Dissoziative Störungen

Nach DSM IV zeichnen sich Dissoziative Störungen vor allem aus durch „eine Unterbrechung der normalerweise integrativen Funktionen des Bewusstseins, des Gedächtnisses, der Identität oder der Wahrnehmung der Umwelt“ (DSM IV, S. 543). Bering (2005) beschreibt die Dissoziative Störung als typische Folge psychotraumatischer Einflüsse.


Somatoforme Störungen
Somatoforme Störungen, die vielfach nach pychischer Traumatisierung beobachtet werden, sind durch körperliche Symptome gekennzeichnet, die mit keinem medizinischen Krankheitsfaktor erklärt werden können, also ohne organischen Befund bleiben..


Affektive Störungen
Depressive Störungen sowie anhaltende Dysphorie und Freudlosigkeit zeigen sich häufig bei Opfern von Gewalt und Misshandlung (Krystal, 1991; Kiser et al., 1991, zit. nach Bering, 2005, S. 45). Auch zeigt sich die Fähigkeit der Affektregulation typischerweise vermindert (ebd.).

 

Persönlichkeitsstörungen
Persönlichkeitsstörungen lassen sich sicherlich nur am Rande dem Traumaspektrum zuordnen.

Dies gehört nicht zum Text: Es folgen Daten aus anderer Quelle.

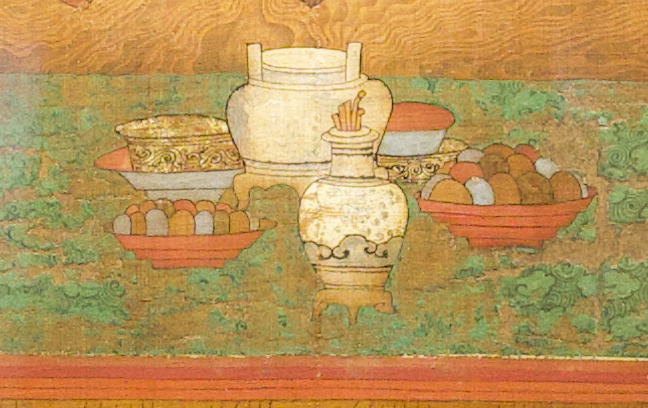 불탁 위에는 공양물이 담긴 그릇을 비롯해 향로, 병, 찻잔 등이 놓여있다.
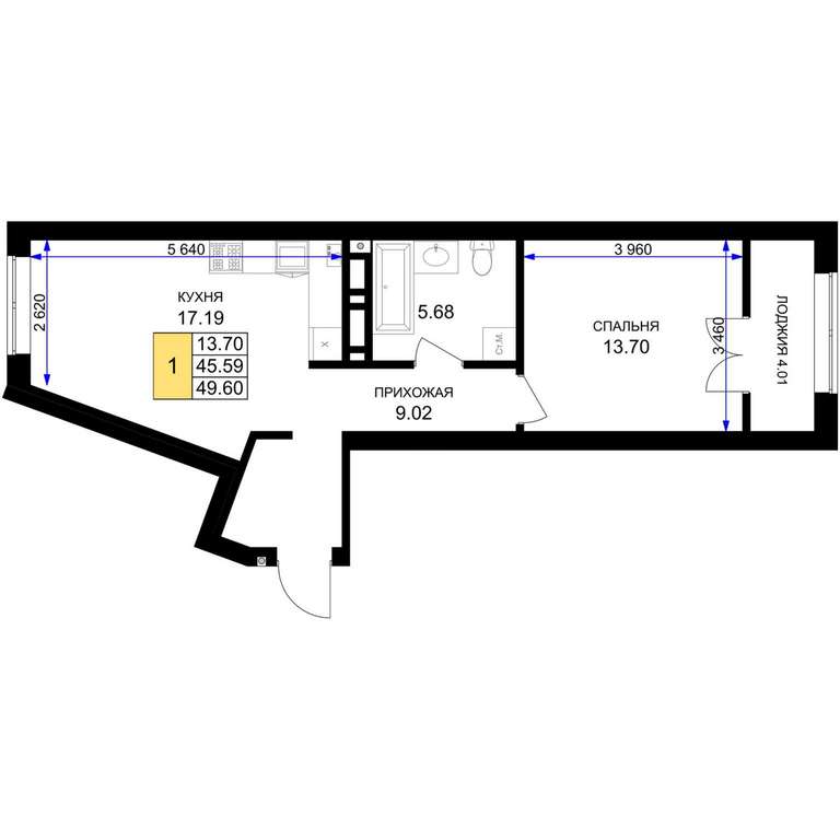 Жилая площадь 13.7 м2, кухня 17.19 м2, предчистовая отделка, комнаты изолированные.
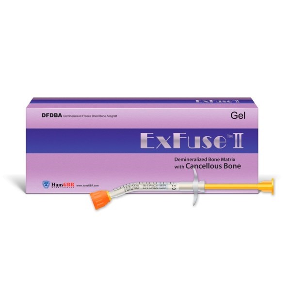 - ExFuse гель/мастика содержит комбинацию деминерализированного костного матрикса (ДКМ) и носителя (карбоксиметил-целлюлоза)
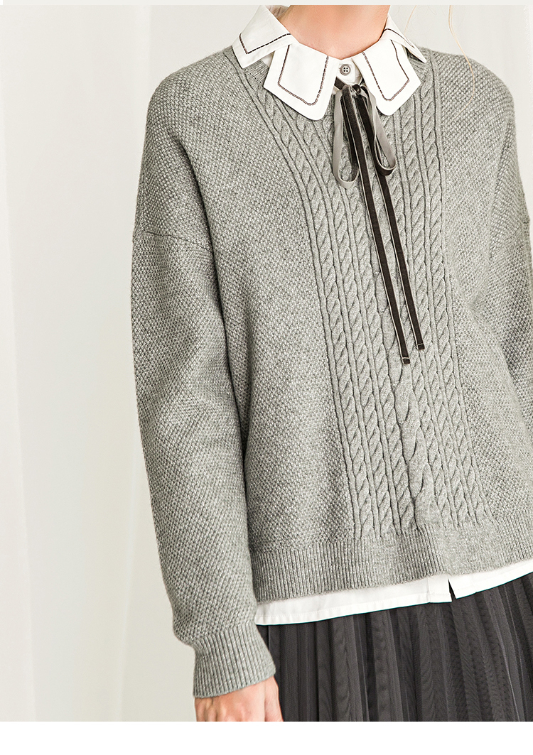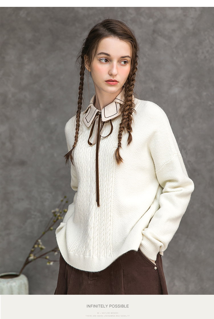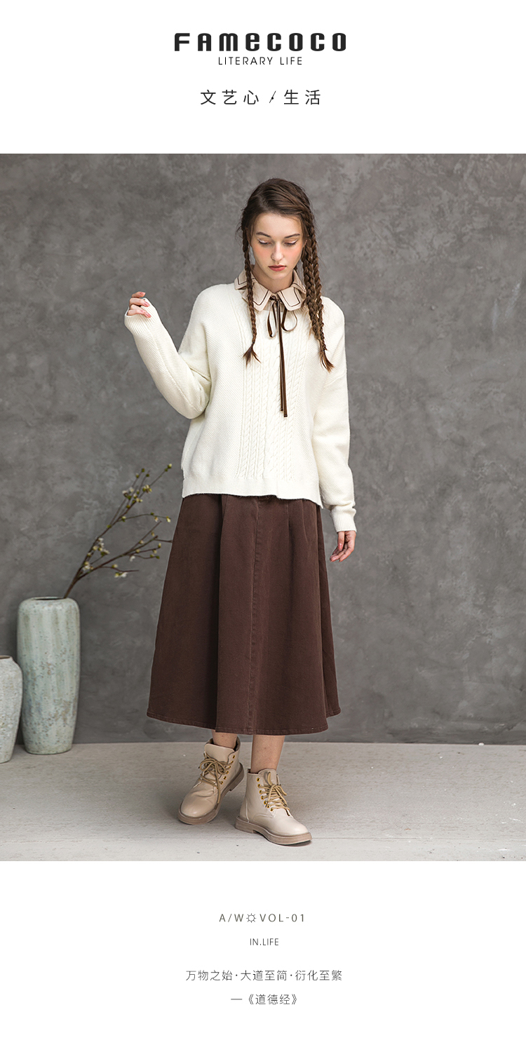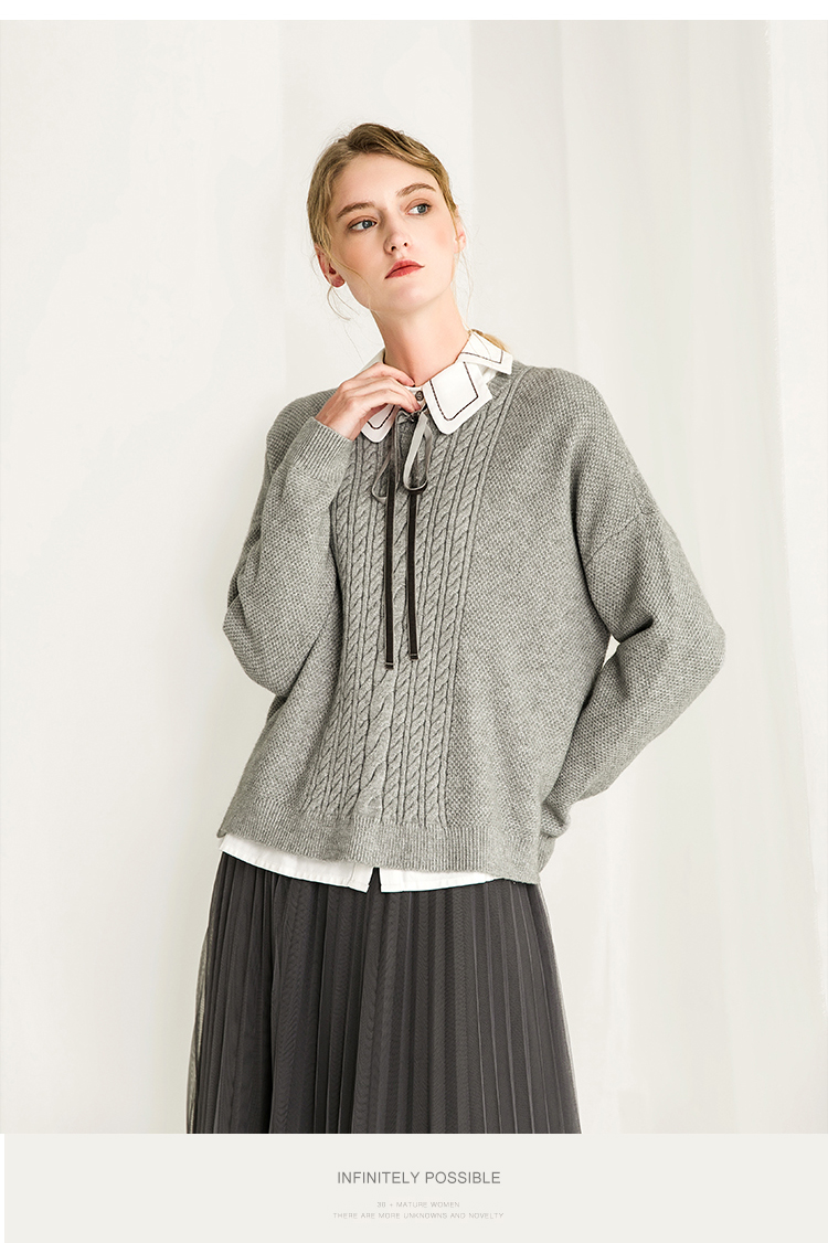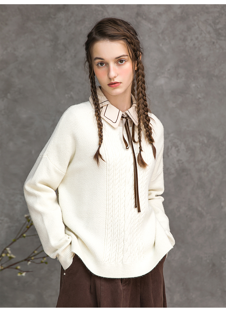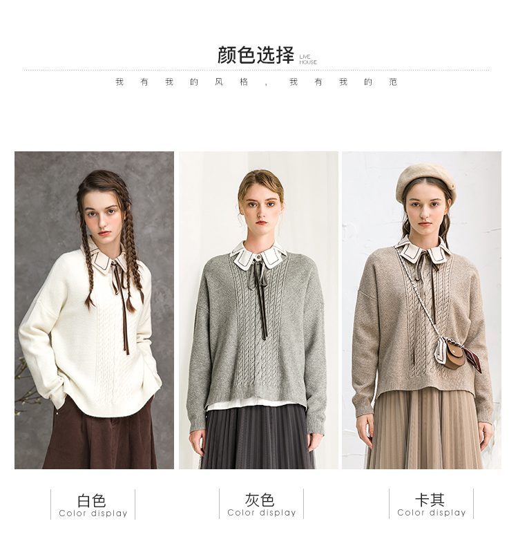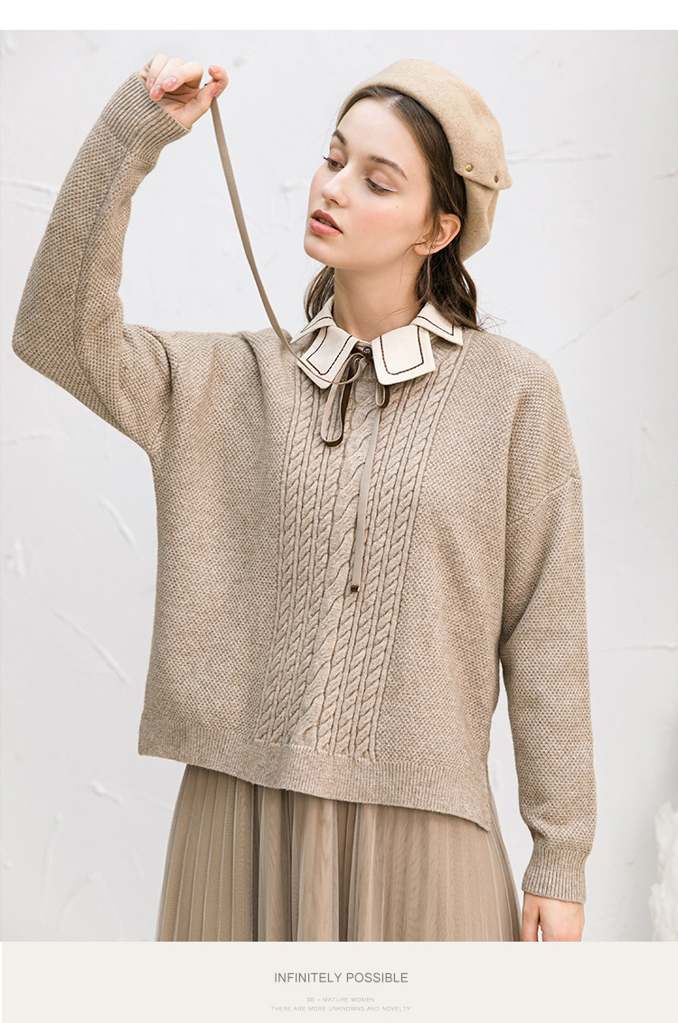 Famecoco范可儿毛衣女秋冬宽松羊毛针织上衣F218DB003

Dennoch weist gerade die Borderline Persönlichkeitsstörung Verhaltensweisen auf, die sich durchaus auf eine traumatische Ätiologie zurückführen lassen.
Unter einer Persönlichkeitsstörung versteht man allgemein ein „überdauerndes Muster von innerem Erleben und Verhalten [..], das merklich von den Erwartungen der soziokulturellen Umgebung abweicht, tiefgreifend und unflexibel ist, seinen Beginn in der Adoleszenz oder im frühen Erwachsenenalter hat, im Zeitverlauf stabil ist und zu Leid oder Beeinträchtigungen führt“ (DSM IV, S. 711). Bei der Borderline Persönlichkeitsstörung findet sich ein Muster von Instabilität in zwischenmenschlichen Beziehungen, im Selbstbild und in den Affekten sowie von deutlicher Impulsivität.